◆ Task item: Within the listing below, give again exactly the lines between the one containing "任磊介紹,工業(yè)互聯(lián)網" and the one containing "排名:2 行政职务:无 技术职称:副教授", inclusive, pictures left aside.

◆ Supplied information:
▬▬▬

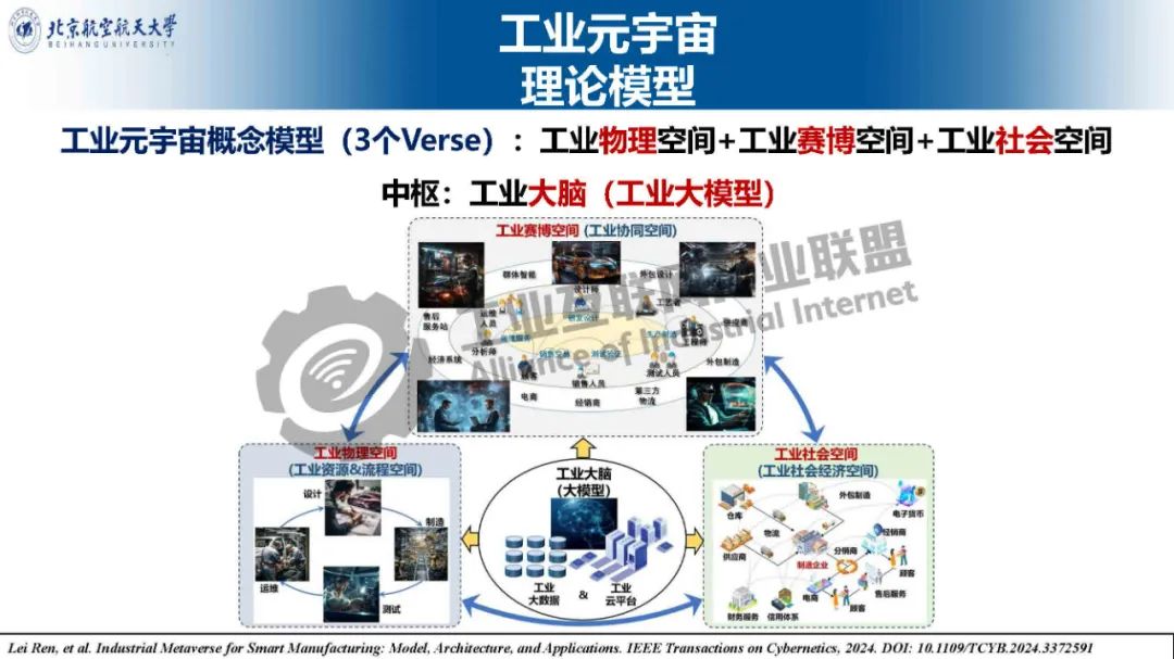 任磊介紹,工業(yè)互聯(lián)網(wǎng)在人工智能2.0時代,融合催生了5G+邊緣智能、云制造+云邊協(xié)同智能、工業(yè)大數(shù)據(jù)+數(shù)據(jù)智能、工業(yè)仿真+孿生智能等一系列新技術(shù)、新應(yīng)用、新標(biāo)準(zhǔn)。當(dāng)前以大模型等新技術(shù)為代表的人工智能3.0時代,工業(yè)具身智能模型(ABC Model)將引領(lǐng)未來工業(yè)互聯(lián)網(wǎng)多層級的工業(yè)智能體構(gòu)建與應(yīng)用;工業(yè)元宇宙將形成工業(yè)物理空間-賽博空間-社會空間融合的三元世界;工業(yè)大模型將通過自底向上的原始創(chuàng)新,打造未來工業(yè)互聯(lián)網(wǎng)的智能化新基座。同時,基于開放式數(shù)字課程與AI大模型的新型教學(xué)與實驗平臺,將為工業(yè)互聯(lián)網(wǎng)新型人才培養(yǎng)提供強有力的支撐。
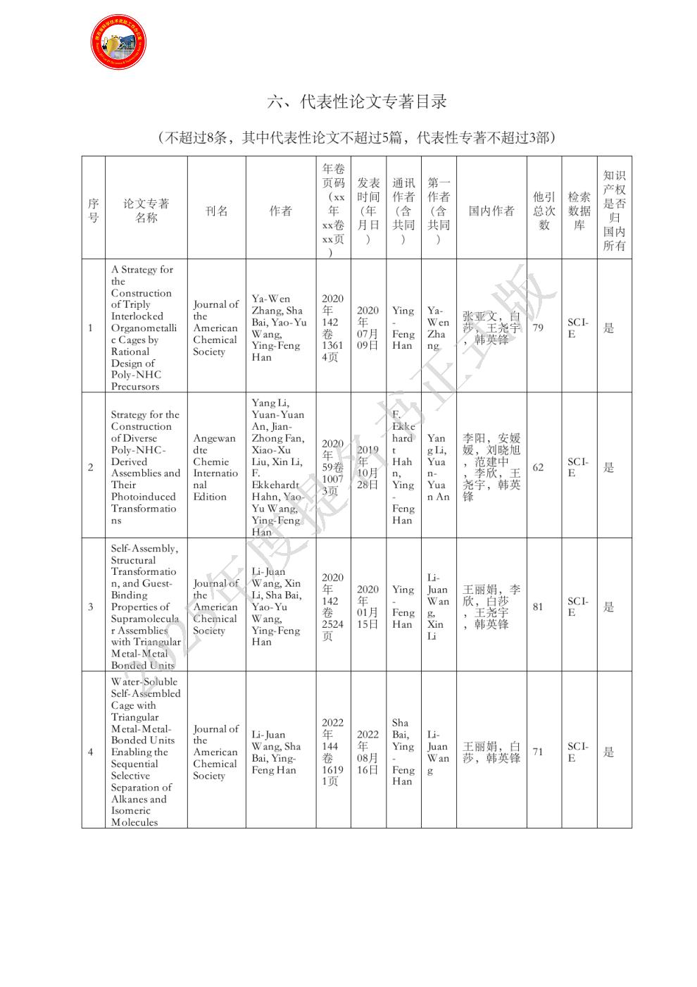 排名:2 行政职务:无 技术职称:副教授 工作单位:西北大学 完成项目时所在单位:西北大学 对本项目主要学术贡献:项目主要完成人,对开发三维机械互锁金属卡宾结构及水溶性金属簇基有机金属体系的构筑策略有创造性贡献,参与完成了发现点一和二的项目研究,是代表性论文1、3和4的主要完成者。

▬▬▬

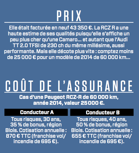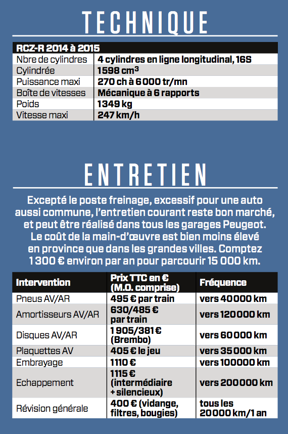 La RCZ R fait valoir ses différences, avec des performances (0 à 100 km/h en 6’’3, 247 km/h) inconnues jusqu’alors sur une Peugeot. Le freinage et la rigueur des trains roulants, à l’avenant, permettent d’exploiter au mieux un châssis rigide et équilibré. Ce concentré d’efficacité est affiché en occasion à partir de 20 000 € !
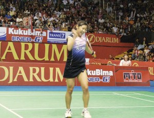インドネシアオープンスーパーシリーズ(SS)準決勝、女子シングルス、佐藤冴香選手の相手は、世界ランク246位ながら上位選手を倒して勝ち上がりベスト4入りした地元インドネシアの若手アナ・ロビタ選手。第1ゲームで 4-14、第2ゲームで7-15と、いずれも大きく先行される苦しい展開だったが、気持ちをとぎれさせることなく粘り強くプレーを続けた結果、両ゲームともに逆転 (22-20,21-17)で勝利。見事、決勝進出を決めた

▬▬▬

◆ Output for this exercise:
 任磊介紹,工業(yè)互聯(lián)網(wǎng)在人工智能2.0時代,融合催生了5G+邊緣智能、云制造+云邊協(xié)同智能、工業(yè)大數(shù)據(jù)+數(shù)據(jù)智能、工業(yè)仿真+孿生智能等一系列新技術(shù)、新應(yīng)用、新標(biāo)準(zhǔn)。當(dāng)前以大模型等新技術(shù)為代表的人工智能3.0時代,工業(yè)具身智能模型(ABC Model)將引領(lǐng)未來工業(yè)互聯(lián)網(wǎng)多層級的工業(yè)智能體構(gòu)建與應(yīng)用;工業(yè)元宇宙將形成工業(yè)物理空間-賽博空間-社會空間融合的三元世界;工業(yè)大模型將通過自底向上的原始創(chuàng)新,打造未來工業(yè)互聯(lián)網(wǎng)的智能化新基座。同時,基于開放式數(shù)字課程與AI大模型的新型教學(xué)與實驗平臺,將為工業(yè)互聯(lián)網(wǎng)新型人才培養(yǎng)提供強有力的支撐。
 排名:2 行政职务:无 技术职称:副教授 工作单位:西北大学 完成项目时所在单位:西北大学 对本项目主要学术贡献:项目主要完成人,对开发三维机械互锁金属卡宾结构及水溶性金属簇基有机金属体系的构筑策略有创造性贡献,参与完成了发现点一和二的项目研究,是代表性论文1、3和4的主要完成者。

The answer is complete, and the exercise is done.